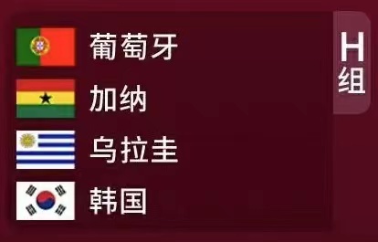 H组中,葡萄牙队与乌拉圭队的实力处于第一档,韩国队实力仅优于目前世界排名第60位的加纳队,而这四支球队在世界杯中渊源颇深。葡萄牙与加纳队是2014年世界杯的小组赛对手,当时葡萄牙队2-1战胜对手,但两支球队都无缘淘汰赛;而乌拉圭队曾在上一届世界杯的1/8决赛中击败葡萄牙晋级;而在2010年世界杯中,乌拉圭队在淘汰赛先后击败韩国队以及加纳队晋级四强,在乌拉圭对阵加纳队的比赛中,苏亚雷斯在门线上用手拍出加纳队必进球的场面也成为了世界杯的经典时刻。
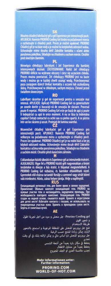 De bijzonder verkoelende Cooling Gel Strong van PRORINO belooft een intensere sensatie voor sensueel tintelende momenten. De kleurloze glij- en belevingsgel op waterbasis is gemakkelijk af te wassen en laat geen sporen na tijdens opwindende momenten. Door de zijdezachte consistentie voelt de gel aangenaam aan op de huid, plakt niet en biedt optimale glij-eigenschappen.
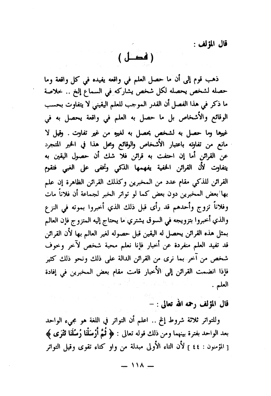 ذهب قوم الى أن ما حصل العلم في واقعة يفيده في كل واقعة وما حصله لشخص يحصله لكل شخص يشاركه في السماع الخ ... خلاصة ما ذكر في هذا الفصل أن القدر الموجب للعلم اليقيني لا يتفاوت بحب الوقائع والأشخاص بل ما حصل به العلم في واقعة يحصل به في..

» **Task objective**
Exclude the pictures and print the rest of the data exactly.

» **Exercise solution**
 H组中,葡萄牙队与乌拉圭队的实力处于第一档,韩国队实力仅优于目前世界排名第60位的加纳队,而这四支球队在世界杯中渊源颇深。葡萄牙与加纳队是2014年世界杯的小组赛对手,当时葡萄牙队2-1战胜对手,但两支球队都无缘淘汰赛;而乌拉圭队曾在上一届世界杯的1/8决赛中击败葡萄牙晋级;而在2010年世界杯中,乌拉圭队在淘汰赛先后击败韩国队以及加纳队晋级四强,在乌拉圭对阵加纳队的比赛中,苏亚雷斯在门线上用手拍出加纳队必进球的场面也成为了世界杯的经典时刻。
 De bijzonder verkoelende Cooling Gel Strong van PRORINO belooft een intensere sensatie voor sensueel tintelende momenten. De kleurloze glij- en belevingsgel op waterbasis is gemakkelijk af te wassen en laat geen sporen na tijdens opwindende momenten. Door de zijdezachte consistentie voelt de gel aangenaam aan op de huid, plakt niet en biedt optimale glij-eigenschappen.
 ذهب قوم الى أن ما حصل العلم في واقعة يفيده في كل واقعة وما حصله لشخص يحصله لكل شخص يشاركه في السماع الخ ... خلاصة ما ذكر في هذا الفصل أن القدر الموجب للعلم اليقيني لا يتفاوت بحب الوقائع والأشخاص بل ما حصل به العلم في واقعة يحصل به في..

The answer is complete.